= Jo Decker =

Rodeo secretary

Jo Decker (born March 30, 1925-November 5, 2010) was inducted into the ProRodeo Hall of Fame in 2001.

==Life==
Jo Decker was born Jo Ramsey on March 30, 1925, in San Angelo, Texas. Decker and her brother Jack were born twins. They both had chores to do on the family ranch. She was gifted with horses and ranch life. Her family had ranches in other states so they traveled a lot. In their free time, she and her brother rode goats and horses.

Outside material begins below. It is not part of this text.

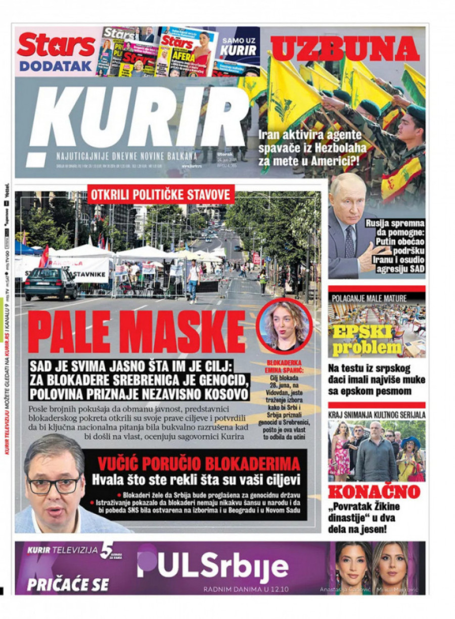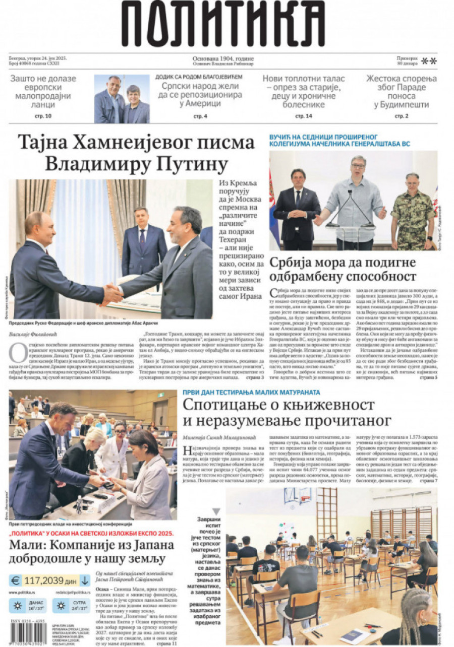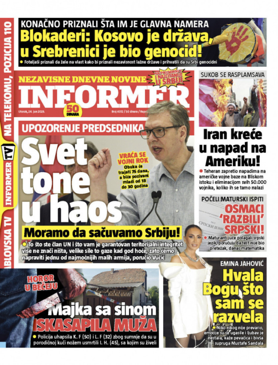 Dnevne novine u Srbiji za utorak, 24. jun 2025. godine, na naslovnim stranama najavljuju brojne aktuelne društveno-političke teme.
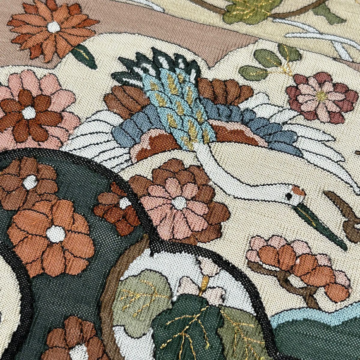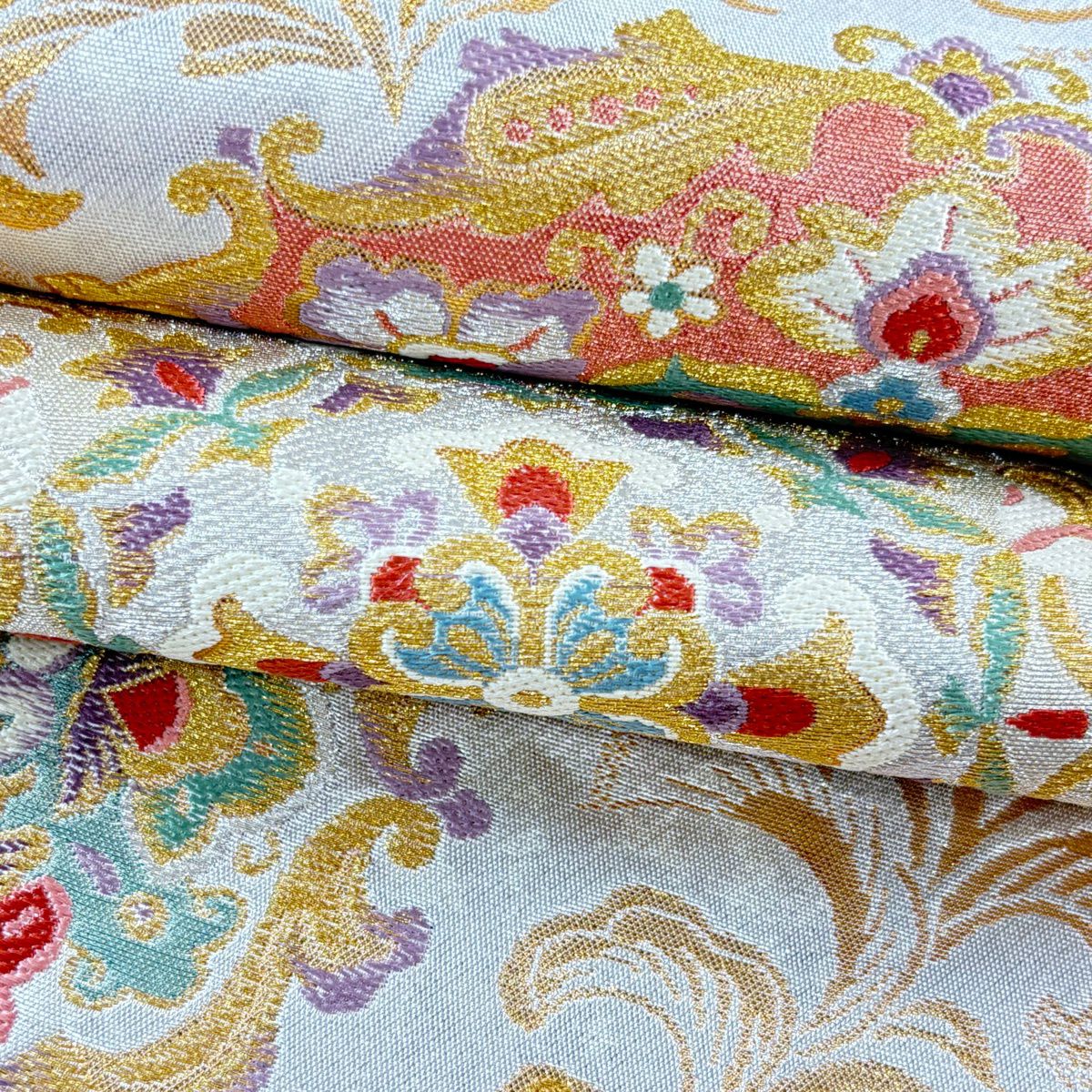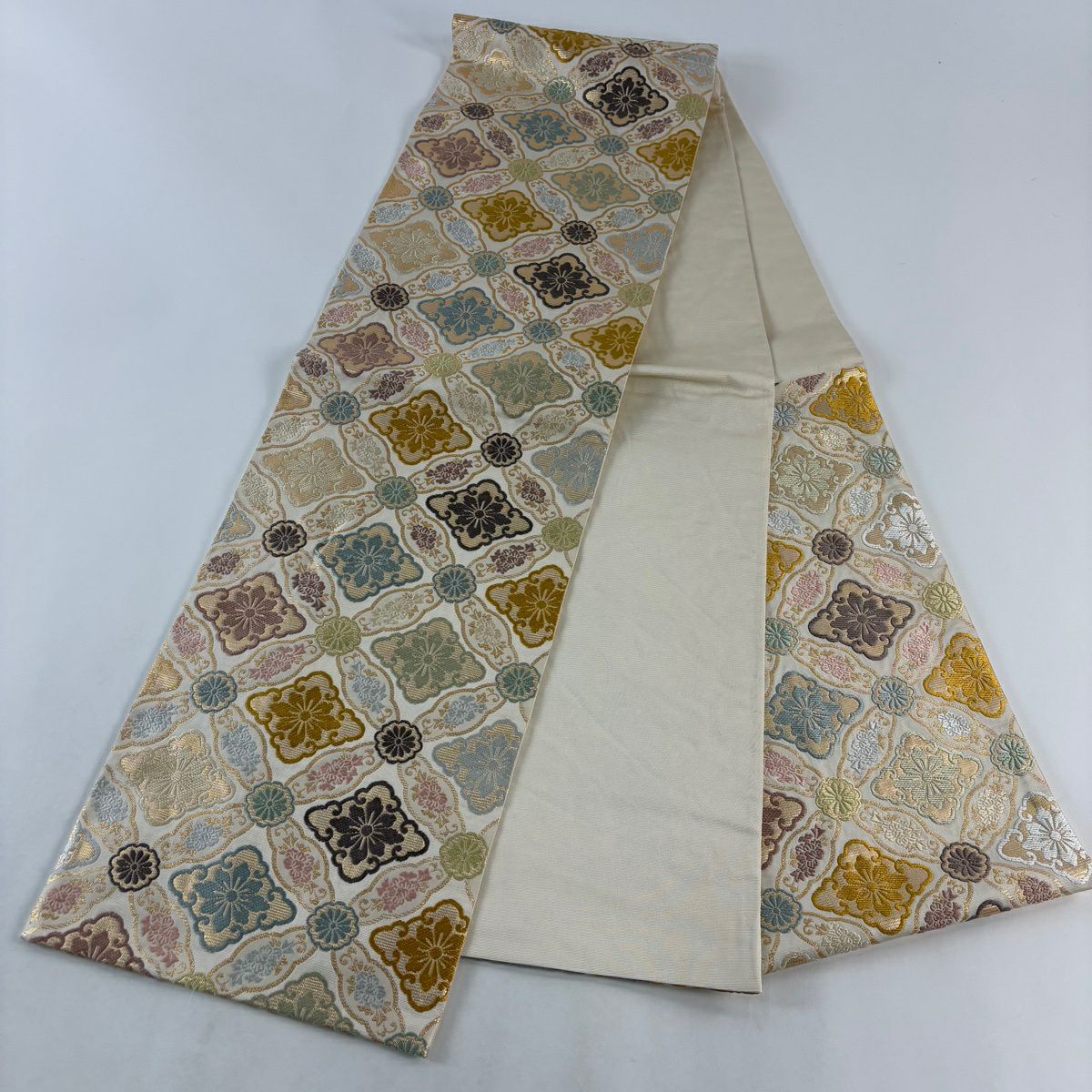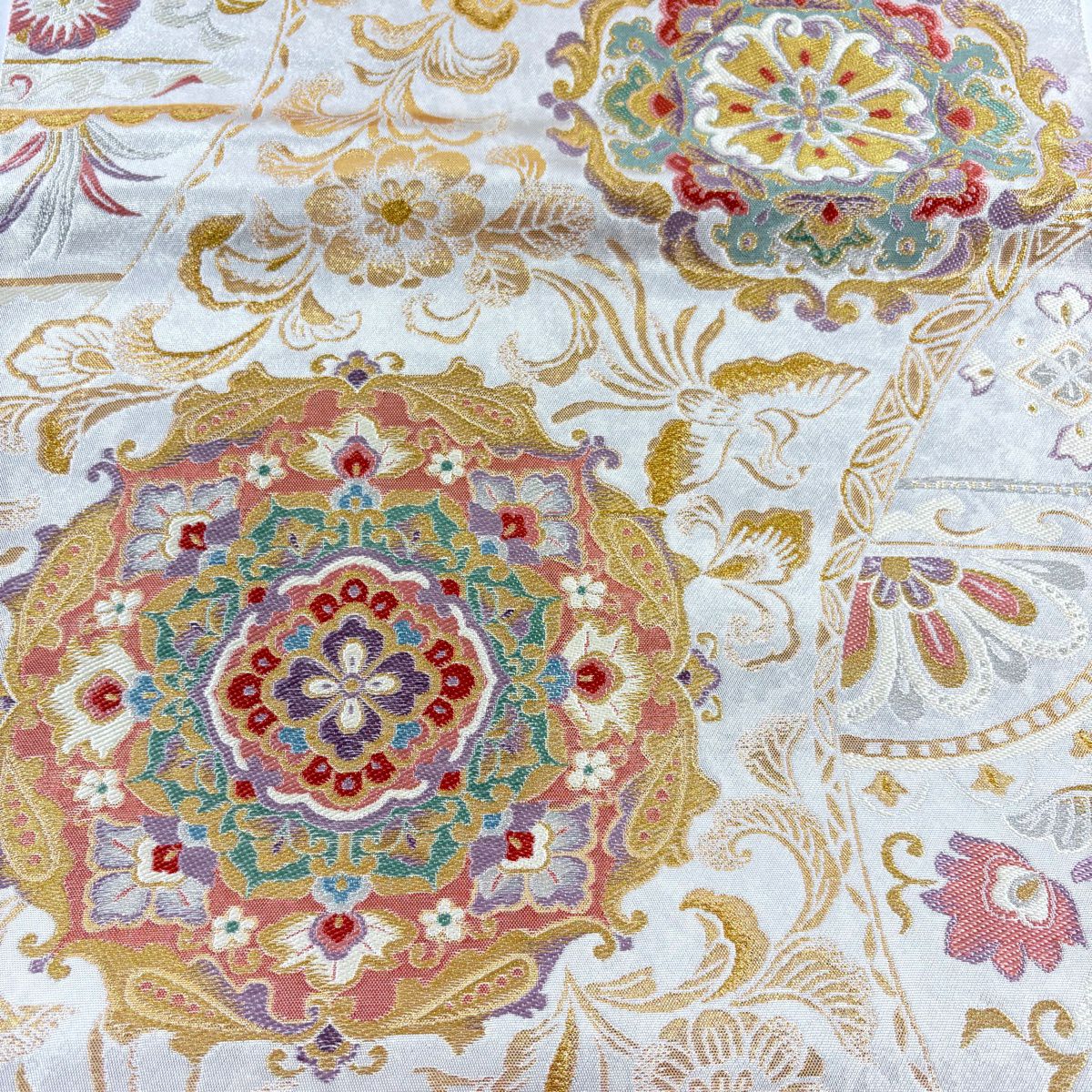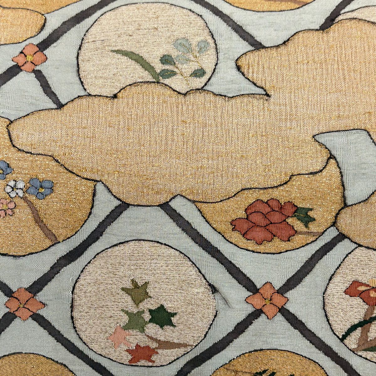 袋帯 逸品 草花 七宝 金糸 クリーム 六通 正絹

Just after graduating high school, Decker became one of the "Ranch Sponsor Girls" at the Madison Square Garden Rodeo in New York City in 1944. She was asked again two years later. She married professional rodeo competitor Tater Decker, who was an all-around cowboy in 1946. They had a son, Dirk Decker.

==Career==
Decker was an accomplished horsewoman. She could out-diagnose the local veterinarian. At the first National Finals Rodeo in 1959, she was involved in many roles, including flag carrier, organizing, and production coordinating. Throughout her rodeo career, she worked as a rodeo secretary for some of the most notable stock contractors in the business. They included the Beutler Brothers, Harry Vold, Mike Cervi, and Hoss Inman. She filled the secretary position at the National Finals Rodeo 6 times. She was very successful as a rodeo secretary as she encompassed many of the qualities needed for the position.

Decker was an active competitor in rodeo in the 1940s and 1950s.

===Honors===
- 1999 Tad Lucas Award of the National Cowboy & Western Heritage Museum
- 2000 Rodeo Hall of Fame of the National Cowboy & Western Heritage Museum *Tater was inducted in 1992
- 2000 Colorado Springs Pikes Peak or Bust Rodeo Hall of Fame
- 2003 Texas Rodeo Cowboy Hall of Fame

==Death==
The Taters lived on their ranch in Clayton, Oklahoma prior to Tater's death and Decker's transfer to a nursing home. According to her son, Decker died on Friday, November 5, 2010. She was at the nursing home where she was a resident, Talihina Manor in Clayton, Oklahoma. Decker was a native of San Angelo, Texas. She was 85 years old when she died of natural causes.